The flip side: if the breaker trips twice, you smell burning, or ice keeps returning after a proper thaw, stop experimenting. Running a system through those is how a cheap capacitor problem becomes a compressor replacement.
For an AC still not cooling after these checks — or one you suspect is leaking or freezing up — call us directly. No forms, no hold music: get in touch, or see our maintenance plans to keep it from happening again. We run every job ourselves in Jacksonville, and we will tell you the same thing we just wrote — including when the answer is that you do not need us.
Mr Freeze HVAC — air conditioning repair and honest diagnostics across Duval County, FL since 2025.
We find the actual fault before we quote it. If your system is leaking, we tell you what fixing it costs versus what you are throwing away — not just top it off and leave.
FAQ
Why is my AC running but not cooling?
The blower has power and air is moving, but the cooling side has failed. Common causes are a dirty filter, a frozen coil, low refrigerant from a leak, a failed capacitor, or a clogged drain line tripping the safety switch. Check the filter and thermostat first; if the air still is not cold, it needs a technician.
Should I turn off my AC if it is not cooling?

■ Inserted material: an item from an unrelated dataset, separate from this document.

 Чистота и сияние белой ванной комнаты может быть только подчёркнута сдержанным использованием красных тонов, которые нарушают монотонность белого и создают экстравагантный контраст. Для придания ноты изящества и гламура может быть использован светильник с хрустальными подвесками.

Yes, in two cases: if you see ice on the unit, or if the breaker trips a second time. Running a frozen or faulting system can turn an inexpensive repair into a compressor replacement. Turn it off, run the fan to thaw any ice, then assess.

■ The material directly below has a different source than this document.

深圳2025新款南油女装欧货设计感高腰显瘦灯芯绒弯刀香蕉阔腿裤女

How do I reset a central AC that is not blowing cold air?
Set the thermostat to OFF, then flip the AC's breaker off and back on at the panel. Wait five minutes for the compressor's restart delay before switching the thermostat back to COOL. If it trips the breaker again or still will not cool, stop — that points to a fault, not a reset.
Can a dirty filter cause the AC to stop cooling?
Yes. A clogged filter is the most common cause of weak or no cooling. It starves the system of airflow, which drops performance and can freeze the evaporator coil and stop cooling entirely. Replacing a dirty filter is the first thing to try.
Why is my AC freezing up?
A coil freezes from restricted airflow (a clogged filter, dirty coil, or failing blower) or from low refrigerant. Turn the system off, run the fan to thaw it, and replace the filter. If it freezes again, the cause is airflow or refrigerant and it needs a pro.
Does an AC not blowing cold air mean I need a new system?
Usually not. Most no-cooling problems are a filter, thermostat, capacitor, or drain-line issue — minor repairs. Replacement only makes sense when a major part like the compressor fails on an older unit, or the system still runs R-22 refrigerant. A good technician gives you the math, not a sales pitch.
How do I know if my AC is low on refrigerant?
Signs include the system running constantly without cooling, ice on the lines, warm air at the vents, and sometimes a hissing or bubbling sound. Because the system is a sealed loop, low refrigerant always means a leak — it should be found and repaired, not just topped off.